When Meera experienced her third miscarriage in two years, no one understood the reason. She had no chronic illness, followed her doctor’s advice, and her scans looked normal. The one constant through her pregnancies? Severe anaemia that didn’t respond to supplements. It wasn’t until she underwent a thalassaemia screening that the real issue emerged: she was a beta-thalassemia carrier—a condition she’d never heard of.

This is the case for many women across South and Southeast Asia, where the risk of thalassemia is higher. India alone has an estimated 30–40 million beta-thalassemia carriers.

Understanding thalassemia
Thalassemia is a genetic disorder that affects haemoglobin production. With low haemoglobin, the body struggles to carry oxygen, leading to chronic anaemia. Symptoms include fatigue, weakness, breathlessness, and dizziness. Since signs can be mild, many women don’t realise they’re carriers until they face pregnancy issues.

If both partners are carriers, each pregnancy has a 25% risk of the child inheriting a severe form like beta-thalassemia major.
The fertility connection
Women with thalassemia, especially those with severe anaemia, may experience recurrent miscarriages, preterm labour, or IUGR. In extreme cases, the foetus may develop anaemia in the womb, leading to heart failure or hydrops fetalis—a life-threatening condition that can result in miscarriage or stillbirth.
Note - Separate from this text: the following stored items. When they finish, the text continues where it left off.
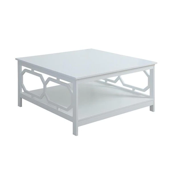 Reinvent your living room with the Omega Square 36" Coffee Table. The simple yet eye-catching design showcases clean lines and beautiful octagon cut outs on the sides. Featuring a large table top surface and a lower shelf that provides usable display space. Engineered for durability this piece will become a staple in your home.FeaturesLarge Surface and Bottom Shelf for Additional DisplayQuick and Easy Set UpComplements any DecorDimension – 35.5 x 35.5 x 17.75 in.Color – White
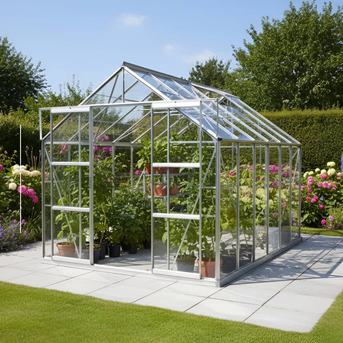 Glazed with toughened safety glass, this model offers clearer light transmission with superior impact resistance and safer breakage—shattering into small granular pieces rather than sharp shards. The double sliding doors and low‑threshold entrance make access smooth and wheelchair‑friendly, while four opening roof vents provide excellent airflow to regulate heat and humidity. Additional practical features include an integral perimeter base for improved rigidity and integral gutters for easy rainwater collection.
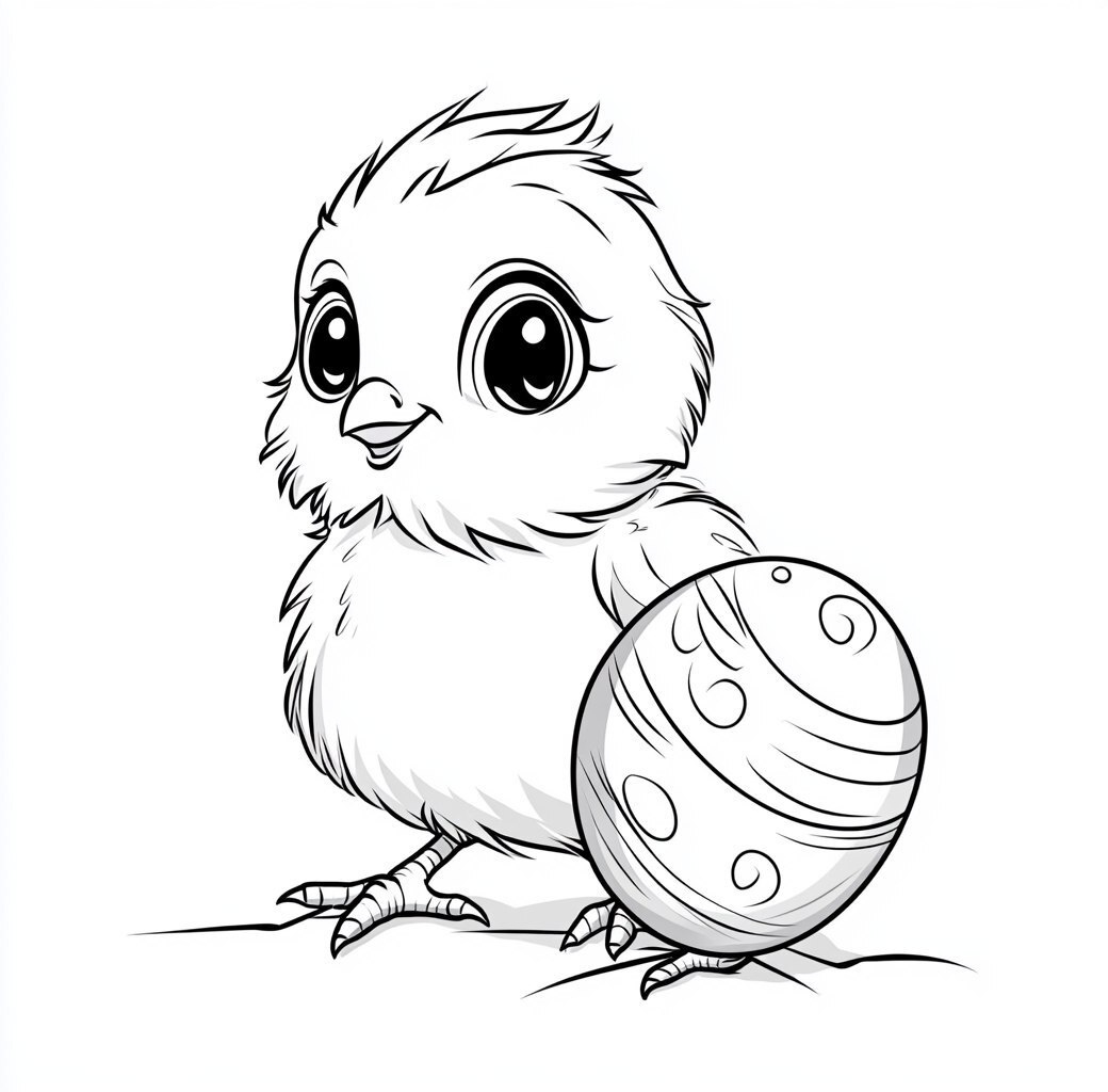 Создано на основе запроса: Coloring page for kids, a very cute baby chick with an Easter egg, in a cartoon style with thick lines

Why thalassaemia screening matters
Early detection helps couples make informed choices. For pregnant women, timely diagnosis allows doctors to monitor and manage the pregnancy better. Screening usually begins with a CBC to identify red blood cell abnormalities, followed by tests for abnormal haemoglobin. Genetic testing may confirm carrier status.
If both partners are carriers, prenatal tests like CVS or amniocentesis can detect whether the foetus has the condition.